X.Org Women Outreach Program Only Turns Up Two Applicants So Far

Written by Michael Larabel in X.Org on 18 September 2014 at 07:16 PM EDT. 139 Comments
X.ORG
Earlier this month it was announced that the X.Org Foundation would participate in the next FOSS Outreach Program for Women (OPW) organized by the GNOME Foundation. This program is very controversial but one thing is for sure: there isn't much interest from women in getting involved with X.Org.

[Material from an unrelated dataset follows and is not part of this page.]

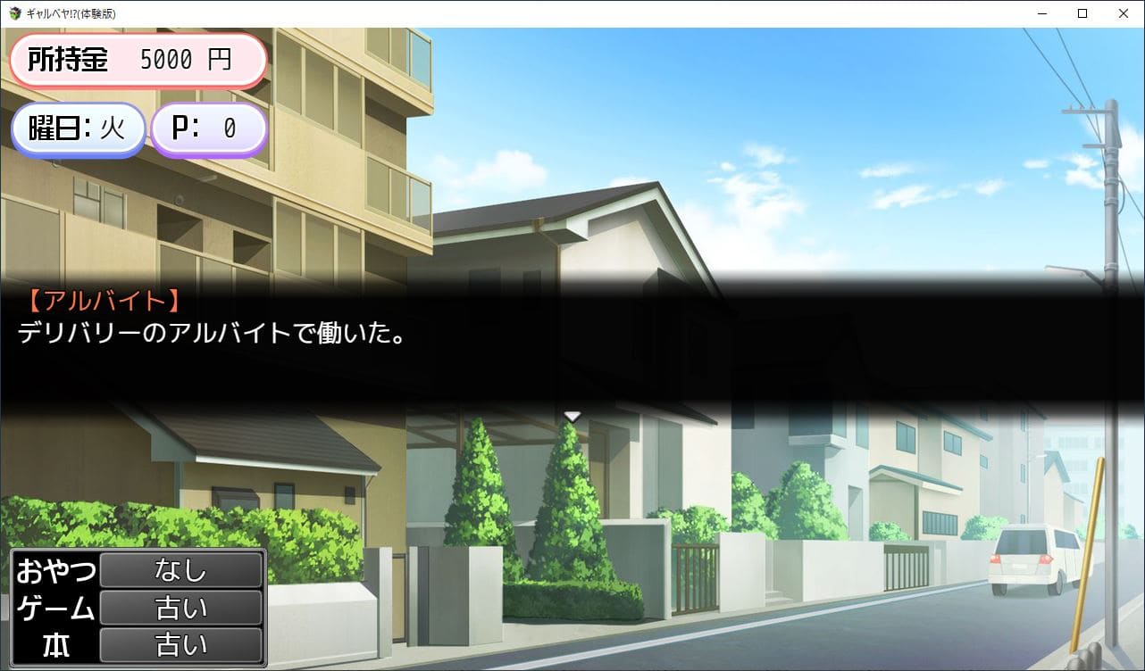 主人公はバイトをしないと生活していけないため、月水金の居酒屋バイト、火木のデリバリーバイトのどちらかを毎週選択する必要がある。どちらを選択しても得られるバイト代は同じで、つまるところバイトの選択は5人のヒロインの誰を開発していくかで決める。

The Outreach Program for Women pays out $5,500 USD per female (or anyone who identifies as "genderqueer, genderfluid, or genderfree regardless of gender presentation or assigned sex at birth") plus a $500 travel allowance to work on a particular open-source project task for a few months. The task doesn't necessarily have to be coding related but just anything involved with the project from working on graphics to documentation. While GNOME started the OPW and they continue to organize it, many free software projects have become involved and this December will be the first time the X.Org Foundation is participating.

The X.Org OPW doesn't have to necessarily involve the X.Org Server but could be about another associated effort like Wayland or Mesa. While there's lots of things that could be done to improve/help the X.Org Foundation, even with the lots of attention drawn to the X.Org OPW when it was announced, there's been very few applicants.


At today's X.Org Foundation Board of Directors meeting it was shared that thus far only two people have applied for this program... One project proposed is for adding more XCB extensions and the other proposal is for a server-side XCB implementation. Confirmation can be found via the X.Org BoD meeting log.